FOR IMMEDIATE RELEASE                                       Press Contact and Investor Contact:
                                    John T. Grigsby, Jr.
                                    703/934-3010

KAISER GROUP HOLDINGS ANNOUNCES WITHDRAWAL OF PROPOSED EXCHANGE OFFER AND PLANS FOR PREFERRED STOCK REDEMPTION

        FAIRFAX, VA December 11, 2002—Kaiser Group Holdings, Inc. (OTCBB: KGHI) announced that it has decided to withdraw the Company's proposed exchange offer of notes for preferred stock and proceed with a redemption of $15,519,020 liquidation preference of its Series 1 Redeemable Cumulative Preferred Stock on or about January 31, 2003. Based on recent advice of favorable distributions from Kaiser-Hill Company, LLC for the fourth quarter of 2002, this planned redemption is for $3 million more than the previously planned redemption, announced on November 15, 2002. The redemption, which will leave a balance of approximately $47 million liquidation preference of Series 1 Redeemable Cumulative Preferred Stock outstanding, will be on a pro rata basis, in accordance with the terms of the Series 1 Redeemable Cumulative Preferred Stock.
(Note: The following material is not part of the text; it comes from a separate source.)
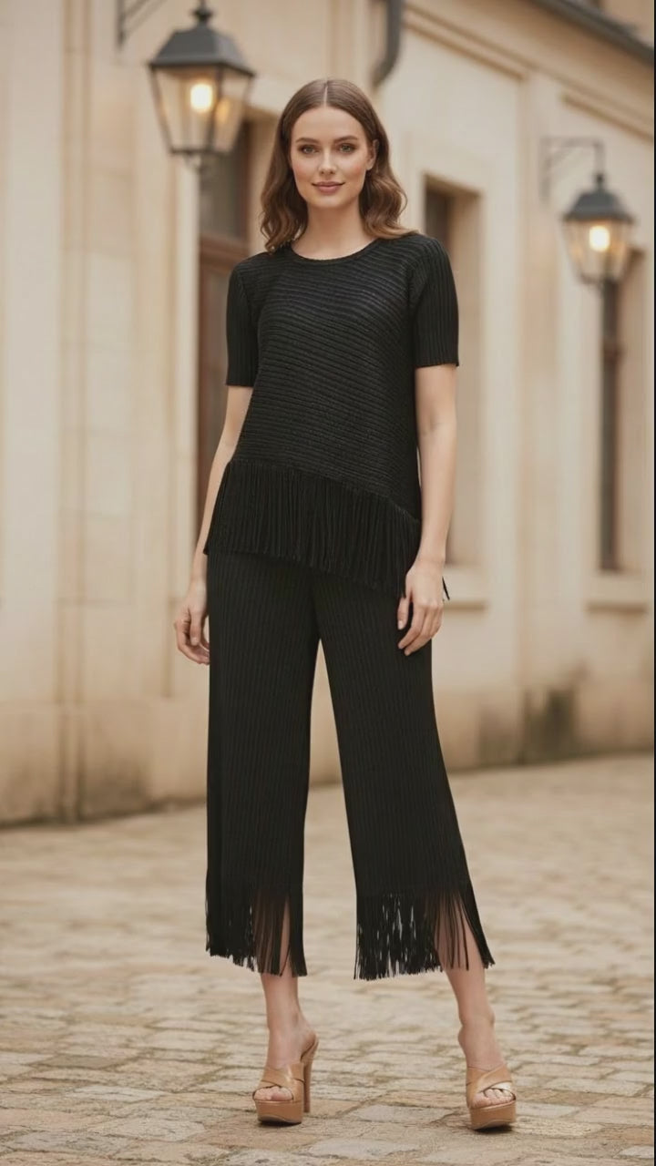 Top Loose Mild Pleated Stretching Skirt Two Pieces Set - Black

        The Company's decision not to proceed at this time with an exchange offer of notes for at least some of its Series 1 Redeemable Cumulative Preferred Stock is based on changed circumstances since the filing of the registration statement for the exchange offer with the Securities and Exchange Commission on October 18, 2002. These circumstances include (1) the conclusion of the Board of Directors that additional cash would be available for a redemption $3 million larger than that previously planned, (2) the adverse impact of the pendency of the exchange offer, under applicable SEC rules, on the Company's ability to effect promptly the planned redemption of its Series 1 Redeemable Cumulative Preferred Stock, (3) the expression of concerns by some holders of its Series 1 Redeemable Cumulative Preferred Stock as to the terms of the proposed exchange as set forth in the registration statement filed with the SEC on October 18, 2002, and (4) the Company's current belief that events and operating results during 2003 might make it possible for the Company to make another substantial redemption of the Series 1 Redeemable Cumulative Preferred Stock by the end of 2003 or in early 2004, which would reduce the tax savings associated with the proposed exchange. Depending on events and operating results during 2003, the Company may reconsider during 2003 an exchange offer of notes for some or all of its Series 1 Redeemable Cumulative Preferred Stock. However, the Company has no present plans to do so.